Real Ear Measurement (REM)… It is a starting point, not the end point.
As a practicing audiologist, I have been seeing a lot of discussion about real ear measurements (REM). I agree that it is the only way to directly measure the amplification profile of a hearing aid as it actually performs in a patient's ear. However, I have encountered positions that I believe undermine the broader purpose of hearing healthcare — specifically, the stance that once REM-verified amplification matches the prescriptive targets, the intervention is optimal, and no further adjustment is needed. I believe this is equivalent to a physician saying: We gave you the medication, so there's nothing left to do.
REM is a sound way to confirm that a hearing aid is amplifying sufficiently at impaired frequencies. The concept is straightforward and gives clinicians justifiable confidence in the interventions they recommend. But while it works well for many patients, the resulting sound after REM verification may not be well-received by all of them. When patients report dissatisfaction after REM, further steps are warranted — including additional counseling, amplification adjustments, or reverting to pre-REM settings. This is neither abnormal nor extraordinary; it can be quite common. The reason is simple: whether a sound is appropriate is highly subjective.

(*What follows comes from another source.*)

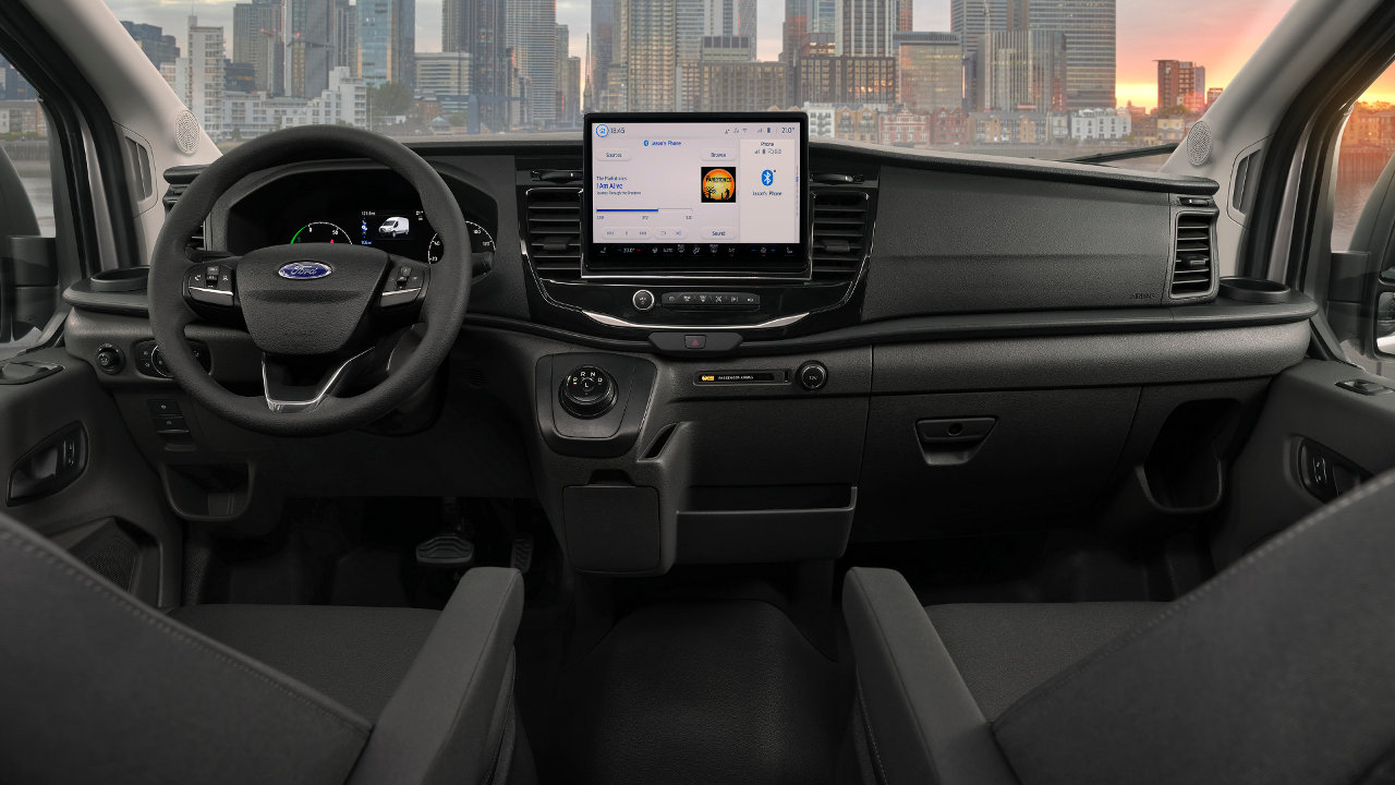 Το E-Transit εισάγει το σύστημα επικοινωνίας και πληροφοριών SYNC 4 στη γκάμα επαγγελματικών οχημάτων της Ford στην Ευρώπη, που προσφέρει διπλάσια υπολογιστική ισχύ από το SYNC 3 και ελέγχεται μέσω μιας οθόνης αφής 12 ιντσών.

This is why, if you spend any time in audio engineering or mixing communities, you will hear engineers joke about having to remix their entire project every morning. They finish a session at night with a satisfied grin, and by the next morning, the same work sounds completely off. This happens to award-winning engineers and experienced sound designers alike.

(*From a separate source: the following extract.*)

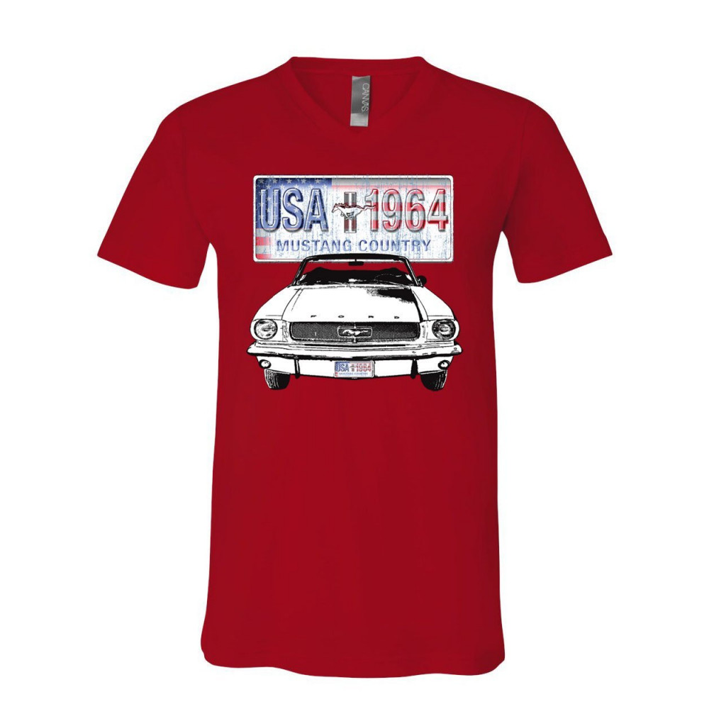 MUSTANG COUNTRY 1964 v-neck t-shirt ford legend usa american classic tee red

There is also a psychological and evolutionary layer at work. Because the ear functions as a 360-degree sensory radar, it is particularly sensitive to negative changes in the acoustic environment — and what registers as negative is inherently subjective. Combine this with the body's built-in drive to avoid aversive sensation, and negative changes to sound tend to be perceived as worse than they objectively are.
This is why the need for counseling is implied any time we adjust amplification settings, whether that means changing acclimatization targets or REM-derived settings. If a patient cannot adjust to a new setting within the appointment, lower the gain. It is better for a patient to wear hearing aids with slightly less than optimal amplification than to stop wearing them altogether. REM is a starting point, not an endpoint. The goal of hearing healthcare is to keep patients well-informed about their condition and to implement the best possible intervention with the least resistance — because long-term benefit depends on consistent use.
It is also true that the Verifit is a significant capital expense, and verification time is not reimbursed or valued as well as it should be in most practice settings, which means REM is simply not accessible to every clinic. REM should be encouraged across the field, but it should not be used as a standard to condemn practices that have not yet implemented it.